*EXERCISE GOAL*.
Please copy the lines below, exactly as they are, from the one with "Basándose el origen" through the one with "[충청뉴스큐] 홍성군자원봉사센터와 국민건강보험공단", and leave out the pictures.

*TASK DATA*.
'''

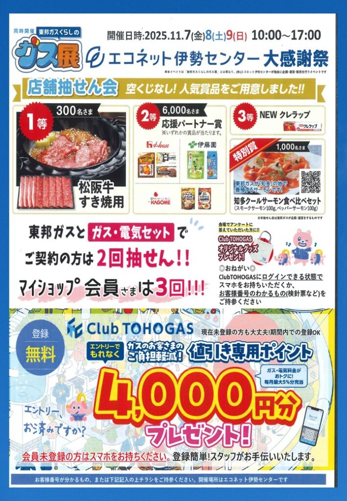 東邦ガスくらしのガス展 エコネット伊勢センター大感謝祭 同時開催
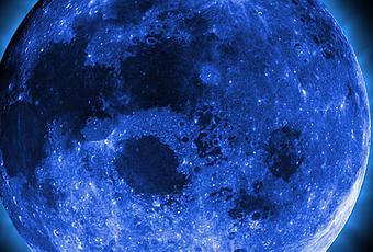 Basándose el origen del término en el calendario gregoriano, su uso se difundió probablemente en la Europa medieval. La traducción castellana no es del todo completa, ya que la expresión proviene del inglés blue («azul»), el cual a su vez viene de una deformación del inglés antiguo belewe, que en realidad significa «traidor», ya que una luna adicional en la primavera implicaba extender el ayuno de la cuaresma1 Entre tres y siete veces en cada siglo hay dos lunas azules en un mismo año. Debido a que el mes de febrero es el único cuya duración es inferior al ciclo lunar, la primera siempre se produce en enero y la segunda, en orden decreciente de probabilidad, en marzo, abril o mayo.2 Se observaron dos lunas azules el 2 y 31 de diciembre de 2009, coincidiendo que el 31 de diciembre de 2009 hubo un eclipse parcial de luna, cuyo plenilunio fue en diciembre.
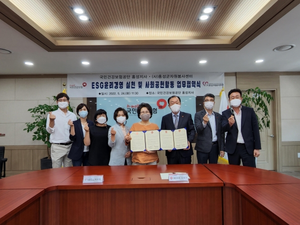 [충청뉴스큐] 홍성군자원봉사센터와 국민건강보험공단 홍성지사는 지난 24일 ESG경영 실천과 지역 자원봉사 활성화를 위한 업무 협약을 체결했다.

'''
'''

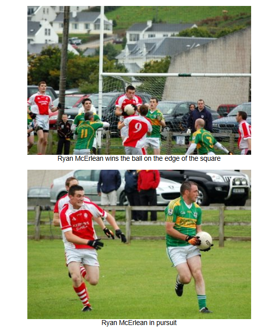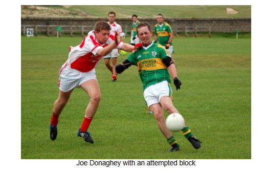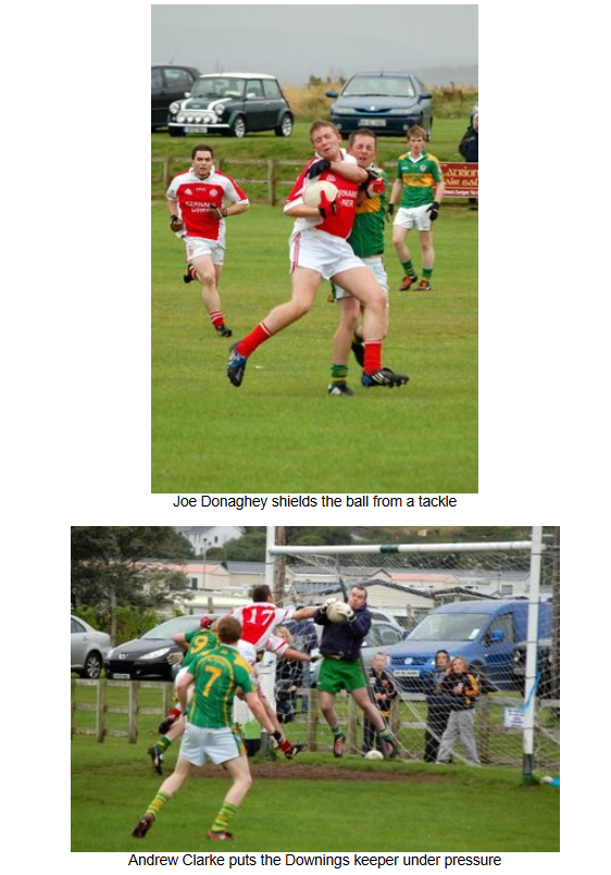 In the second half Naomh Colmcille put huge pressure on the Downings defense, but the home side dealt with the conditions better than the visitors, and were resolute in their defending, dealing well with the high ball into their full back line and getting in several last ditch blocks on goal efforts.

'''

*TASK RESULT*.
 Basándose el origen del término en el calendario gregoriano, su uso se difundió probablemente en la Europa medieval. La traducción castellana no es del todo completa, ya que la expresión proviene del inglés blue («azul»), el cual a su vez viene de una deformación del inglés antiguo belewe, que en realidad significa «traidor», ya que una luna adicional en la primavera implicaba extender el ayuno de la cuaresma1 Entre tres y siete veces en cada siglo hay dos lunas azules en un mismo año. Debido a que el mes de febrero es el único cuya duración es inferior al ciclo lunar, la primera siempre se produce en enero y la segunda, en orden decreciente de probabilidad, en marzo, abril o mayo.2 Se observaron dos lunas azules el 2 y 31 de diciembre de 2009, coincidiendo que el 31 de diciembre de 2009 hubo un eclipse parcial de luna, cuyo plenilunio fue en diciembre.
 [충청뉴스큐] 홍성군자원봉사센터와 국민건강보험공단 홍성지사는 지난 24일 ESG경영 실천과 지역 자원봉사 활성화를 위한 업무 협약을 체결했다.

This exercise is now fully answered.